Перейти к основному содержанию

Как изучение ледниковых валунов привело Кропоткина к заточению в Петропавловской крепости

ледниковый валун
© Форпост Северо-Запад

Ещё во второй половине 19-го века большинство географов считали, что около 10 тысяч лет назад территория современной России представляла собой «море, по которому носились ледяные глыбы, оставлявшие, при таянии, эрратические валуны» (из исторического очерка Владимира Обручева).

Типичный образец блуждающего (от латинского erraticus) камня экспонируется в Горном музее Петербурга. Монолит в форме утюга густо покрыт бороздами волочения. Их процарапали мелкие частицы твёрдой породы при движении захваченного льдом валуна. По подобным следам учёные могут судить о направлении хода ледника. Обтекаемая форма обусловлена окатыванием, но не в «большой воде», а в тающей массе.
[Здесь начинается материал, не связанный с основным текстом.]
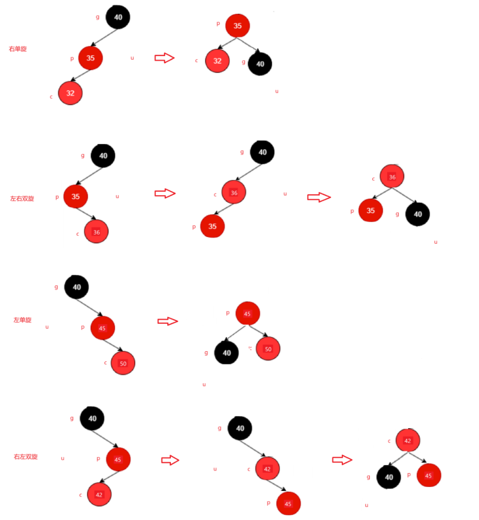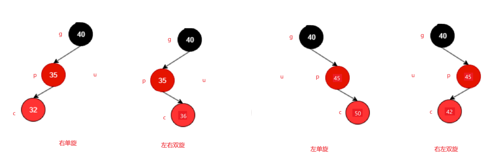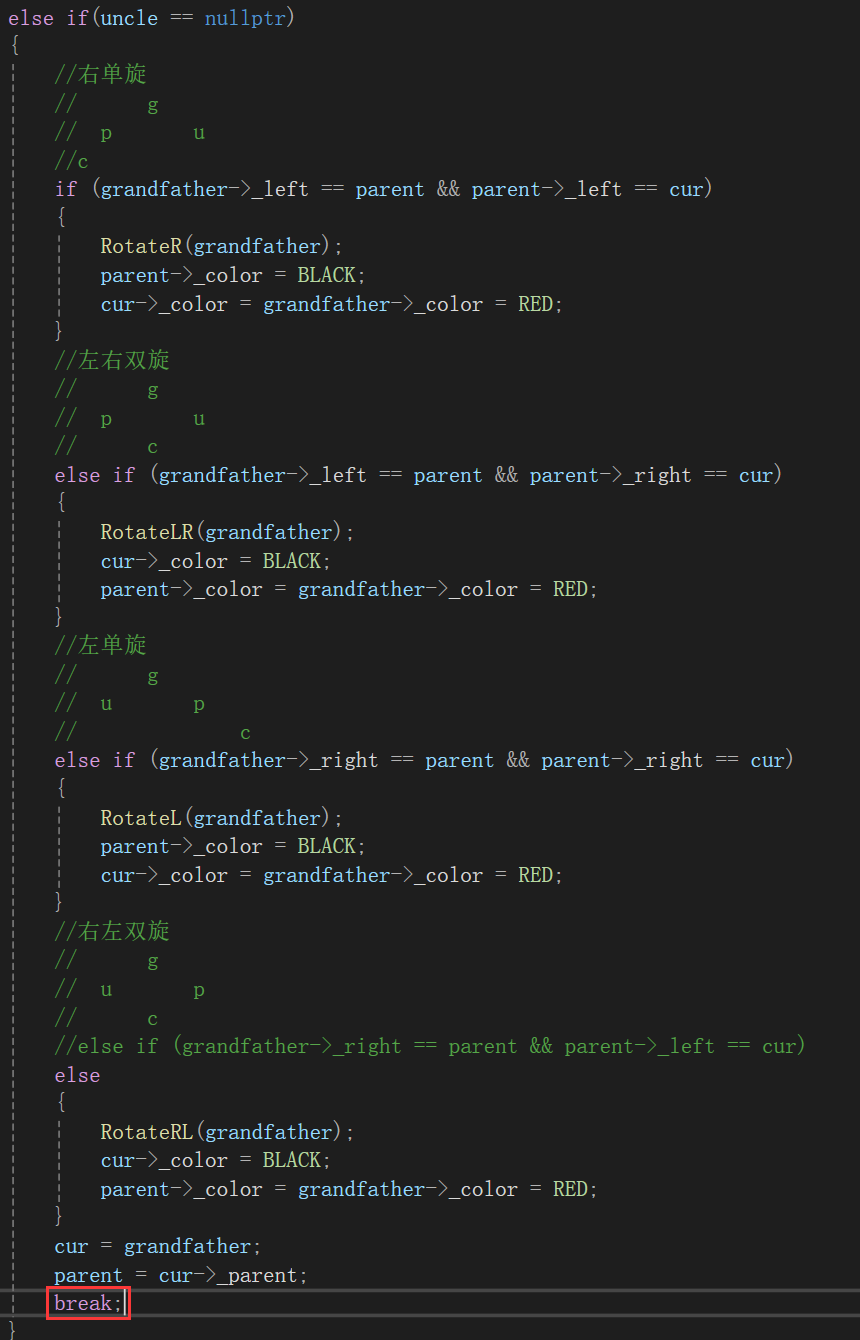 else if(uncle == nullptr){//右单旋// g// p u//cif (grandfather->_left == parent && parent->_left == cur){RotateR(grandfather);parent->_color = BLACK;cur->_color = grandfather->_color = RED;}//左右双旋// g// p u// celse if (grandfather->_left == parent && parent->_right == cur){RotateLR(grandfather);cur->_color = BLACK;parent->_color = grandfather->_color = RED;}//左单旋// g// u p// celse if (grandfather->_right == parent && parent->_right == cur){RotateL(grandfather);parent->_color = BLACK;cur->_color = grandfather->_color = RED;}//右左双旋// g// u p// c//else if (grandfather->_right == parent && parent->_left == cur)else{RotateRL(grandfather);cur->_color = BLACK;parent->_color = grandfather->_color = RED;}cur = grandfather;parent = cur->_parent;}

Внимательное изучение таких валунов в районе Восточного Саяна помогло русскому геоморфологу Петру Кропоткину, более известному в качестве теоретика анархо-синдикализма (самоуправление социума через профсоюзы и кооперативы), заменить «морскую» теорию таяния ледника «сухопутной». Выпускник Пажеского корпуса, он отказался от блестящей придворной карьеры и отправился чиновником по особым поручениям в Читу. Там удалось организовать несколько географических экспедиций. Обобщение полевого материала подтолкнуло князя к открытию основных законов формирования рельефа нагорной Азии и интересной гипотезе «миграции» материков.

шар проектор
© Форпост Северо-Запад / Горный музей

Сегодня достаточно посмотреть трёхминутный анимационный ролик или соответствующую презентацию на интерактивном глобусе того же Горного музея, чтобы увидеть, как со скоростью миллион лет в секунду меняются очертания земной суши и рельеф. Для внесения лепты в научное обоснование тектонической теории исследователю в третьей четверти 19-го века потребовалось в течение нескольких лет вычислять «сотни высот», систематизировать геологические и физические наблюдения предшественников, искать нестыковки и подтверждения гипотез.

Страсть к науке стоила Кропоткину более двух лет заключения в Петропавловской крепости. Дело в том, что в марте 1874 года политическая полиция начала подозревать его в причастности к антиправительственной агитации и распространению запрещённой литературы. Он знал об опасности. Мог бы успеть эмигрировать, если бы не его запланированный доклад по ледниковой теории перед Русским Географическим обществом.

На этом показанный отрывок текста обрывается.